Most modern implementations of the Elo system make adjustments to rectify this glaring flaw:

Subsequent statistical tests have shown that chess performance is almost certainly not normally distributed. Weaker players have significantly greater winning chances than Elo's model predicts. Therefore, both the USCF and FIDE have switched to formulas based on the logistic distribution. However, in deference to Elo's contribution, both organizations are still commonly said to use "the Elo system".

Perhaps the most modern variant of Elo is Microsoft's TrueSkill ranking system used on its Xbox Live online gaming network. The TrueSkill system has better provisions for scoring team games, whereas Elo is based on the single player per game model. But TrueSkill's main innovation is incorporating the uncertainty of a player's rating deeply into the mathematical model.

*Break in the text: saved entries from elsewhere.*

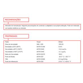 Loja Oficial Giro Moto Parts MOTUL 5100 é um lubrificante para motor de motos 4T que atende as demandas de confiabilidade para uso diário ou atividades recreativas.Adequado para qualquer tipo de motocicleta off-road ou de rua equipada com motor 4 tempos, com ou sem caixa de câmbio integrada, embreagem seca ou úmida.Perfeito para motocicletas com sistemas de pós-tratamento dos gases de escape, como conversores catalíticos ou injeção de ar secundária. Outras aplicações: Quadriciclos, UTVs e motos aquáticas, dependendo da recomendação de viscosidade do fabricante.Especificações:• Marca: Motul• Aplicação: Motor• Tipo de Motor: 4T• Tipo de Produto: 5100• Viscosidade: 10W-50• Normas API: API SP, JASO MA2 (2023)• 1 LitroConteúdo da Embalagem:01- Óleo Motul 5100 10W50
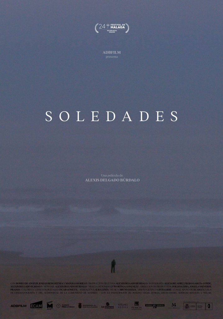 En rueda de prensa Alexis delgado, artista multidisciplinar, es pianista, cineasta, poeta,… presenta una película que el mismo define como un viaje en tres cuadros sobre la soledad y el desamparo, en tres etapas diferentes de la vida. Soledades se distribuye en tres diferentes cuadros: en el primer cuadro se presenta a un niño solitario que descubre cómo su reino es rechazado por la realidad. En el segundo vemos el rostro de un hombre que pasea por una ciudad, pero no sabemos qué quiere. En el tercer y último cuadro somos testigos de un viaje en la mirada de un desconocido: una ermita, un bosque, una playa.
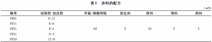 为了确定较佳的硅微粉替代量,将5种不同配比的硅微粉和钛白粉复合粉体(0:1、1:1、2:1、3:1、1:0)添加到粉末涂料中,分别对相应粉末涂料涂膜的性能进行了测试。
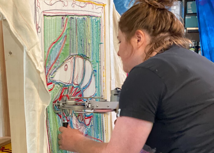 It’s time to learn to tuft! We’ll spend the afternoon shooting yarn out of a gun into fabric to create some amazing wall hangings.
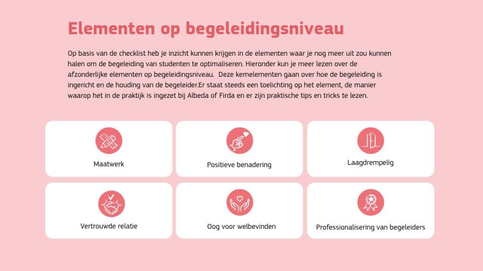 De begeleiding is laagdrempelig. Dit houdt in dat de student bijvoorbeeld gemakkelijk contact kan maken met de begeleider om problemen te bespreken, dat er vaste begeleiders zijn, of dat de begeleiding een vast onderdeel is van de opleiding. Het aanbieden van toegankelijke begeleiding, maakt het makkelijker voor studenten om hulp te zoeken.
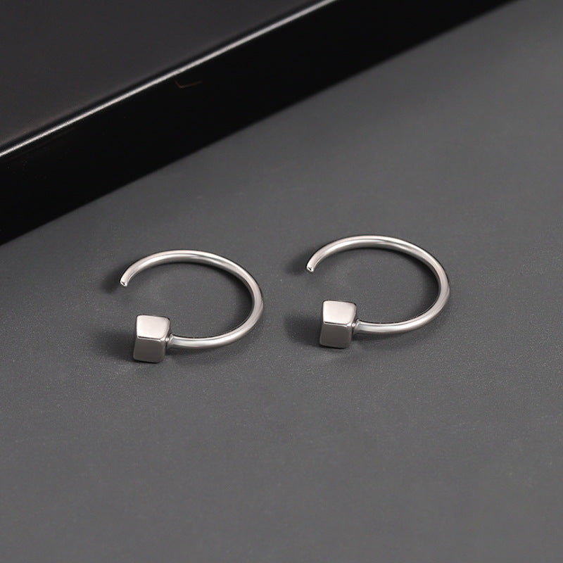 Square Ear Hook Earrings Men's High-end Unisex Piercing Jewelry
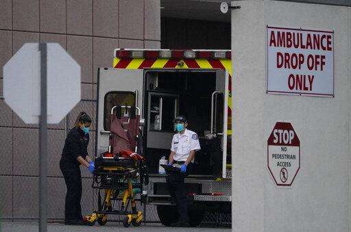 FILE - In this Jan. 5, 2021, file photo, emergency medical technicians sanitize an ambulance stretcher after transporting a patient at Los Angeles County + USC Medical Center in Los Angeles. The U.S. registered its highest deaths yet from the coronavirus on the same day as a mob attack on the nation's capitol laid bare some of the same, deep political divisions that have hampered the battle against the pandemic. (AP Photo/Damian Dovarganes, File) The Associated Press
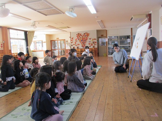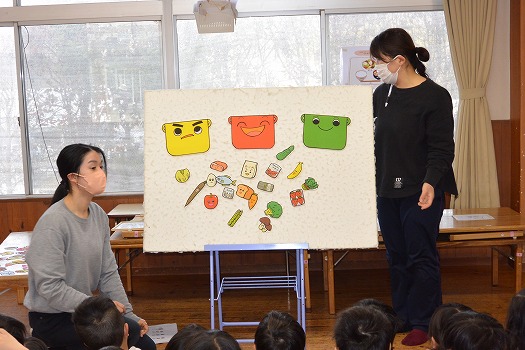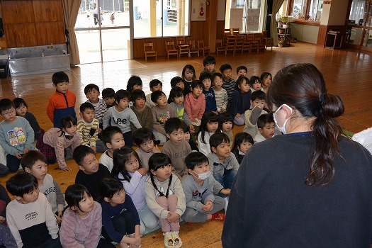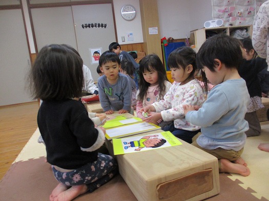 2023年02月21日 き・あか・みどりで元気なからだキャラバン くじら(事務室) 黄色の鍋は「力のでる食べ物」、赤色の鍋は「身体を作る食べ物」、緑色の鍋は「身体の調子を整えて、病気になりにくくなる食べ物」で出ている食材が何色の鍋かこどもたちに聞きながらキャラバンをしました。「バナナは黄色いから黄色の鍋かな?」や「緑の鍋は多いな」という声が聞こえました。 ほし組・そら組がキャラバンを聞いている様子です。 にじ組・つき組がキャラバンを聞いている様子です。 キャラバン後、き・あか・みどりの食べ物列車の貼り付けあそびをしました。にじ~そら組の部屋にあります。ぜひあそんでいる様子をみてください。 一覧へ戻る

Rather than assuming a single fixed skill for each player, the system characterises its belief using a bell-curve belief distribution (also referred to as Gaussian) which is uniquely described by its mean μ (mu) ("peak point") and standard deviation σ (sigma) ("spread"). An exemplary belief is shown in the figure.

TrueSkill graph

Note that the area under the skill belief distribution curve within a certain range corresponds to the belief that the player's skill will lie in that range. For example, the green area in the figure on the right is the belief that the player's skill is within level 15 and 20. As the system learns more about a player's skill, σ has the tendency to become smaller, more tightly bracketing that player's skill. Another way of thinking about the μ and σ values is to consider them as the "average player skill belief" and the "uncertainty" associated with that assessment of their skill.

It's more complex math than the relatively simple classic Elo ranking system, but TrueSkill should result in more accurate ranking and matching. Remember, that's why we're doing this: to achieve the best possible gameplay experience for all players, not just the elite players who have hundreds of games under their belt.

Our goal is to match players of all skill levels to their counterparts, and to let players reliably rise in rank until they reach a natural plateau of 50% win/loss ratio. We don't want blowouts. We want nail-biting, edge-of-your-seat cliffhangers every time, games that go down to the wire. We will know we've succeeded when each player feels like every game was the equivalent of slaying a massive, mighty dragon-- and not beating up on some puny wharf rats.